Search for the definition you are looking for.
Risk premia refers to the amount by which the return of a risky asset is expected to outperform the known return on a risk-free asset.
Equity market exposure is the best-known risk premium, rewarding investors for taking exposure to long-only equity investments. Other risk premia include the size factor, where small cap stocks tend to outperform large cap stocks, and the value factor, where cheap stocks tend to outperform expensive stocks. Risk premia also exist in asset classes outside of equities, although academic research into the source of the premia tends to be less robust.
Factor investing aims to harvest above-market returns from specific risk premia regardless of market conditions. Long-only risk premia strategies are known as smart beta, and attempt to outperform the market by using alternative weighting schemes such as volatility weighting or factor tilts in the index construction process.

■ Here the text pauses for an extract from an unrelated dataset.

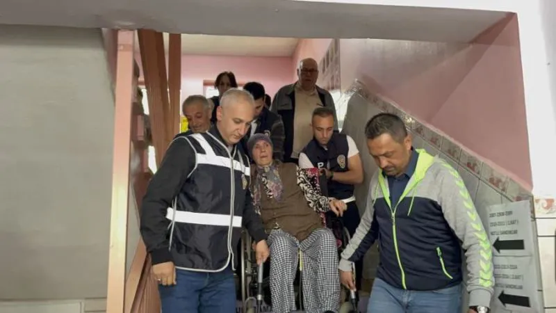 Oy kullanmak için tekerlekli sandalyeyle okula gelen 66 yaşındaki parkinson hastasını, görevli polis memurları sandık salonuna taşıdı.

Meanwhile, long/short risk premia strategies generate returns by buying a factor-based portfolio and short-selling another. Unlike smart beta strategies, they are not typically measured against a benchmark. Strategies that seek to replicate the premia of hedge fund strategies are known as alternative risk premia.
Risk premia used to be the domain of hedge funds, but since the financial crisis factor investing has become more popular as a method of diversifying portfolio construction by offsetting losses associated with core equity and fixed-income strategies.